══ DATA PROVIDED

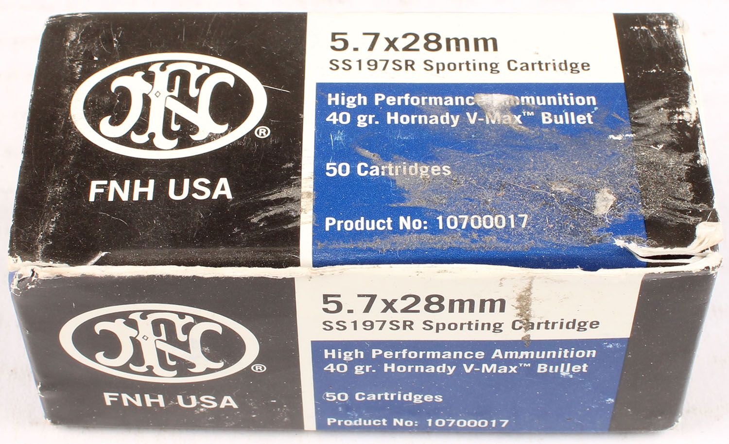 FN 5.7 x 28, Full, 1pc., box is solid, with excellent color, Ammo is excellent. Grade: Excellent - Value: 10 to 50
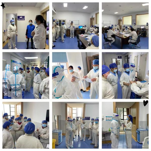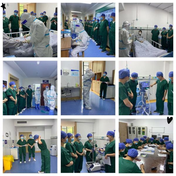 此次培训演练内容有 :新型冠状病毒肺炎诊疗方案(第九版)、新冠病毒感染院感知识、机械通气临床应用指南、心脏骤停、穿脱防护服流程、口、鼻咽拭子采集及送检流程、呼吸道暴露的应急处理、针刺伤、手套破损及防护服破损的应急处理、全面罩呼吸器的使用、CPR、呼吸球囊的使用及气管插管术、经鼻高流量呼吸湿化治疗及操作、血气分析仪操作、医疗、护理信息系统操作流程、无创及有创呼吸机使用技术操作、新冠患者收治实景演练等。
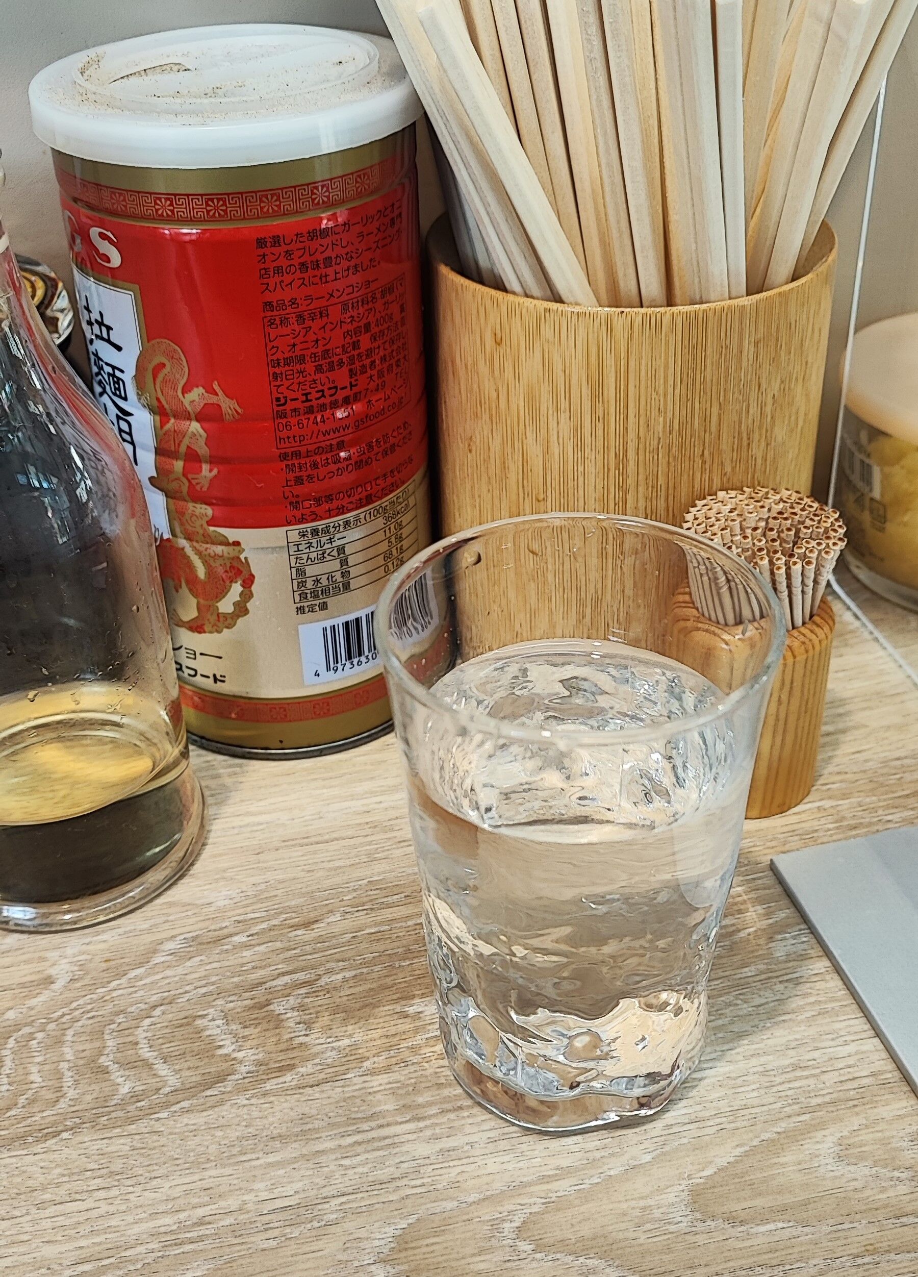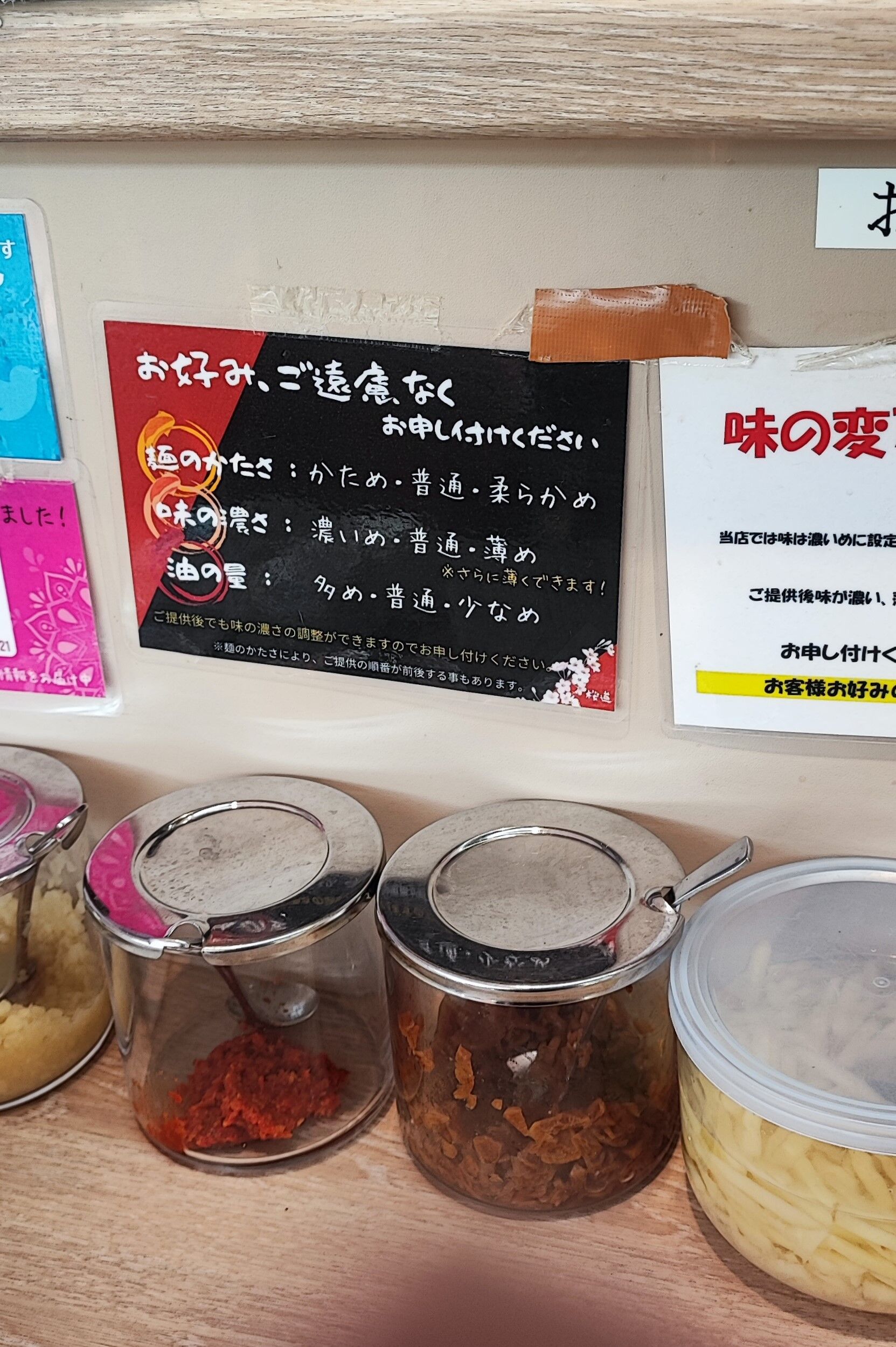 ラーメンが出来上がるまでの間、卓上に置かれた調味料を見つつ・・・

════
══ DATA PROVIDED

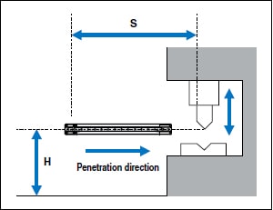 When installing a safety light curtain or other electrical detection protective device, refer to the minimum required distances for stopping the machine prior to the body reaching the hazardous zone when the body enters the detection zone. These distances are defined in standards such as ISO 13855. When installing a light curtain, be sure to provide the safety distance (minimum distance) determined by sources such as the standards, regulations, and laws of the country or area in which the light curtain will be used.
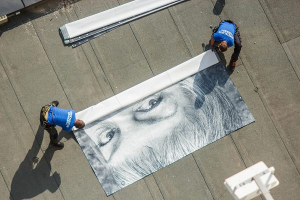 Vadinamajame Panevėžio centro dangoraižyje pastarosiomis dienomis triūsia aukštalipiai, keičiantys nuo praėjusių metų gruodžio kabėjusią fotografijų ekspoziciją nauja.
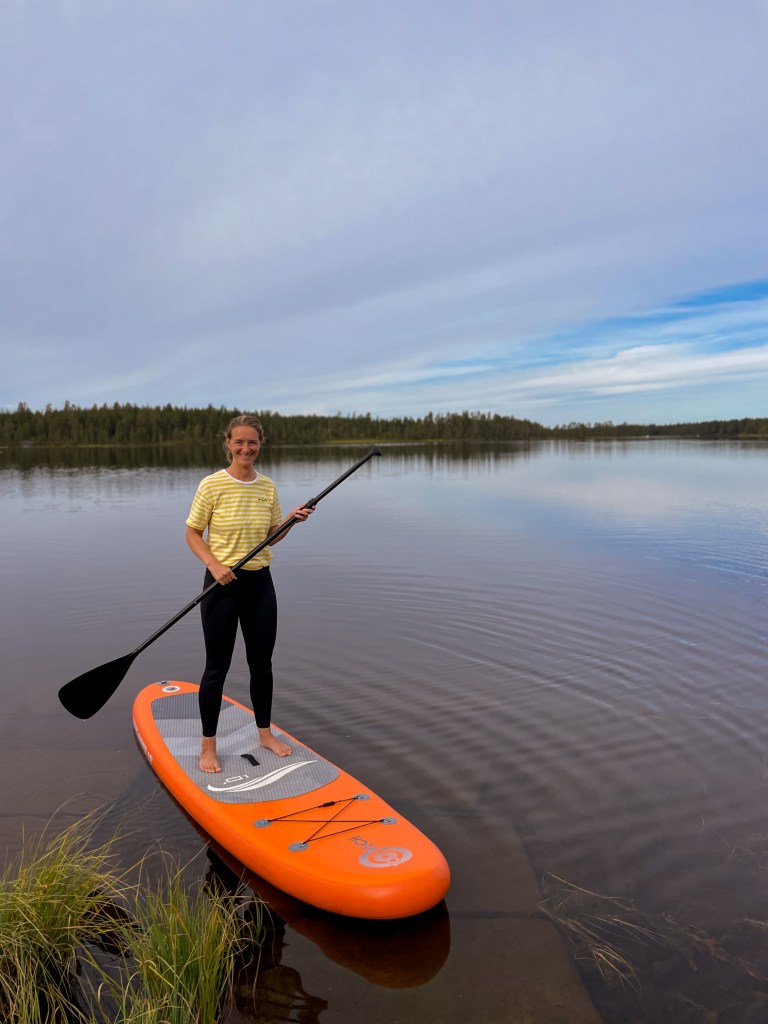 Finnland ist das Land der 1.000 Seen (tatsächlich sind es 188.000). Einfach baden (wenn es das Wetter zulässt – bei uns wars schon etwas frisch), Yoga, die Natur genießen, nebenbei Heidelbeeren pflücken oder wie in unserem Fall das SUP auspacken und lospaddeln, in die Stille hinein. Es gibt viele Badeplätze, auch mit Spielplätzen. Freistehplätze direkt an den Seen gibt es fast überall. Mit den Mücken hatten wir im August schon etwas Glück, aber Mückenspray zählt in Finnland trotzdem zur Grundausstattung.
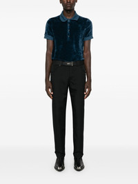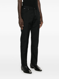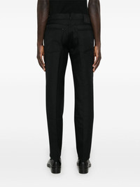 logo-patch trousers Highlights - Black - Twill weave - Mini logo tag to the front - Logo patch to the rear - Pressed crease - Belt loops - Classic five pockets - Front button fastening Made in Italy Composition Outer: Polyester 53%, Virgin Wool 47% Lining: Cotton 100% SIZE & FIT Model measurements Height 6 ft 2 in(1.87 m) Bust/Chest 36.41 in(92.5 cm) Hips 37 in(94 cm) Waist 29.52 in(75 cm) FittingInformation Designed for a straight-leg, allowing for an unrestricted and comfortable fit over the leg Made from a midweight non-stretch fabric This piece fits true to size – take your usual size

════

Above, find the line holding "此次培训演练内容有 :新型冠" and the line holding "ラーメンが出来上がるまでの間、卓上に置かれた調味料を見つつ・・・". Print exactly those two lines and every line between them, but no pictures.

YOUR SOLUTION –
 此次培训演练内容有 :新型冠状病毒肺炎诊疗方案(第九版)、新冠病毒感染院感知识、机械通气临床应用指南、心脏骤停、穿脱防护服流程、口、鼻咽拭子采集及送检流程、呼吸道暴露的应急处理、针刺伤、手套破损及防护服破损的应急处理、全面罩呼吸器的使用、CPR、呼吸球囊的使用及气管插管术、经鼻高流量呼吸湿化治疗及操作、血气分析仪操作、医疗、护理信息系统操作流程、无创及有创呼吸机使用技术操作、新冠患者收治实景演练等。
 ラーメンが出来上がるまでの間、卓上に置かれた調味料を見つつ・・・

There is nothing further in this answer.